Do you flare your elbows out? Keep them together. 
EZ bar extensions above the head are good for the long head.
Try mind to muscle and peak contraction. 
Do you extend you arm fully?


----------



## knightmare999 (Aug 8, 2017)

I'm doing PPL right now.  Biceps have almost always overshadowed triceps.  Used to do 1 more exercise for tri's than bis when I did arm days.  Doing PPL, I did 2 exercises for each on their respective days.

Been doing the following recently:

Worked into Push day (I'll usually do close grip press before any chest work):
Overhead triceps extensions with a rope and cable while bent forward for 20-25 reps, double drop set at the end
Several sets of close grip bench (right around inside shoulder width) for 15-20 reps, couple of heavy sets, then a light set
Seated overhead two-handed triceps extensions for 10-12 reps

Pull day:
No biceps work for nearly two months.
Now I'll "run the rack" and the end of the workout starting with 40 or 45 lb dumbbells for 10 and dropping 5 lbs each set and testing 10 seconds between.

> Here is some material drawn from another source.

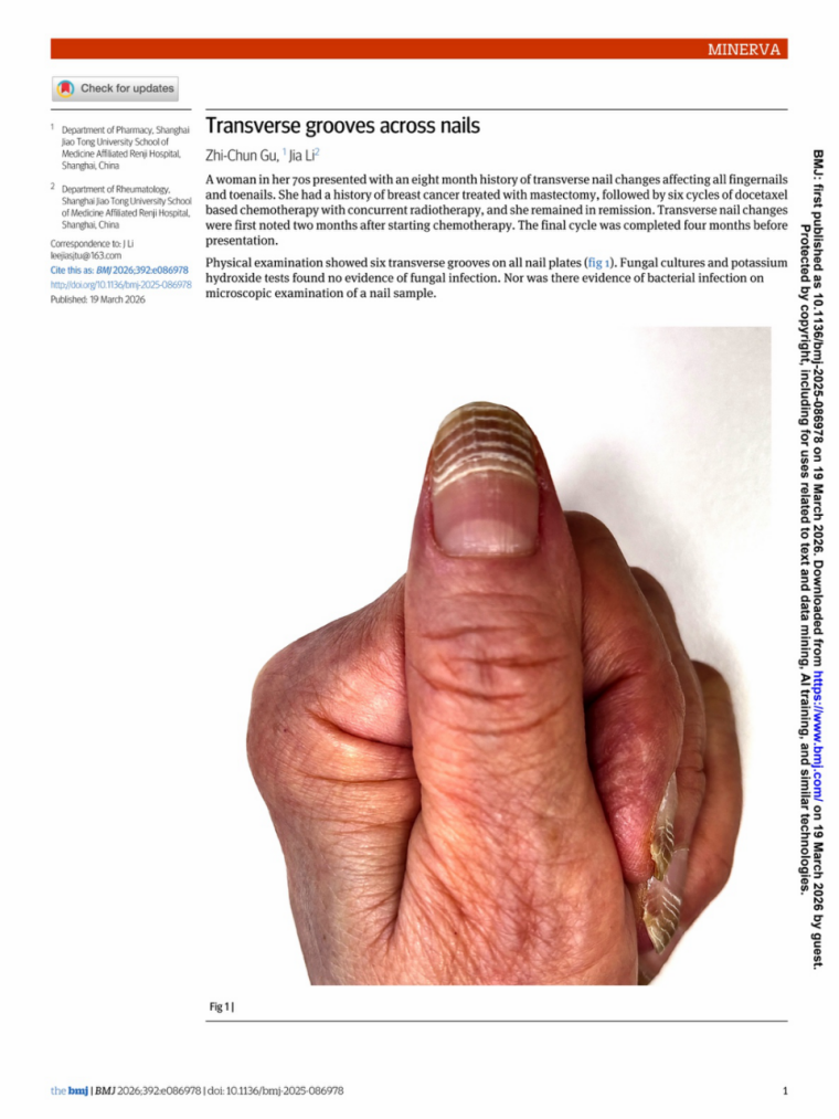 近日,《英国医学杂志》(The BMJ)在线发表了上海交通大学医学院附属仁济医院药学部顾智淳主任药师与风湿免疫科李佳副主任医师合作的一篇临床案例。该案例以“Transverse grooves across nails”(指甲横向沟纹)为题,展示了一种由化疗药物引起的罕见不良反应——博氏线(Beau's lines),为临床识别药物不良反应提供了教科书式病例。

My triceps have improved in the last few months.  I'm not saying the above will work for you, but it's a radical shift from how I've trained previously.
Maybe you need to work a radical change into your program.


----------



## trodizzle (Aug 8, 2017)

Recently I've been making sure I hit all the heads equally when working triceps. So when working them, make sure you have lifts that hit the long, medial and lateral heads. Also, add some variety when it comes to rep ranges and lifts. Currently, for this month I'm doing three lifts when I do my tricep workouts. Each lift I do for 20 reps, with a 2 min rest, for 3 total sets. I'm doing rope pushdowns to hit the long head, reverse-grip bar pulldowns to hit the medial head, then rope pushdowns (fists touching, pushing down and out) to hit the lateral heads. Good luck.


----------



## Dapadeep1 (Aug 8, 2017)

Try JM press. Worked really well for me


----------



## BigSwolePump (Aug 8, 2017)

I am going to let you in on a little secret on building arms. REPS


I don't go under 15 reps ever on triceps. They get all the heavy load they need when you work chest and shoulders. You need to pump blood in there. I wish that someone would have told me this 20 years ago. All the exercises you mentioned worked, just need to push out some reps.


----------



## Beefcake (Aug 8, 2017)

Try dips, skull crushers, pushdowns, extensions, do several different exercises until they're burnt out.


----------



## Palmetto (Aug 8, 2017)

I agree with BSP. More reps seem to do the trick for me. If I go heavy and low reps when I am done I don't have the burn.


----------



## trodizzle (Aug 8, 2017)

BigSwolePump said:


> I am going to let you in on a little secret on building arms. REPS
> 
> 
> I don't go under 15 reps ever on triceps. They get all the heavy load they need when you work chest and shoulders. You need to pump blood in there. I wish that someone would have told me this 20 years ago. All the exercises you mentioned worked, just need to push out some reps.


----------



## BigSwolePump (Aug 8, 2017)

trodizzle said:


>


 One of my favorite scenes :32 (18):


----------



## ToolSteel (Aug 8, 2017)

BigSwolePump said:


> I am going to let you in on a little secret on building arms. REPS
> 
> 
> I don't go under 15 reps ever on triceps. They get all the heavy load they need when you work chest and shoulders. You need to pump blood in there. I wish that someone would have told me this 20 years ago. All the exercises you mentioned worked, just need to push out some reps.


This^

sets of 25 for me. They've exploded.


----------



## BRICKS (Aug 10, 2017)

https://youtu.be/OQfy0G_J6hA


----------



## baitslinger (Aug 26, 2017)

BRICKS said:


> https://youtu.be/OQfy0G_J6hA


i hit all the rep ranges to get hypertrophy. I get the heavy stuff in with weighted dips, and close grip bench. I alternate, and do one or the other in every Tris workout.I like to go past failure and get some forced reps and negatives with those weighted dips. Then when i have exhausted them with the heavy stuff, i pump the snot out of them. I vary the pump exercise, and work a variety of shoulder positions. By that i mean i do pushdowns, with a variety of grips, with my elbows near my hips, or skull  crushers with dumbells or EZ curl, where my elbows are inline with my eyes, or DB or rope tri presses where my elbows are overhead. Know what i mean?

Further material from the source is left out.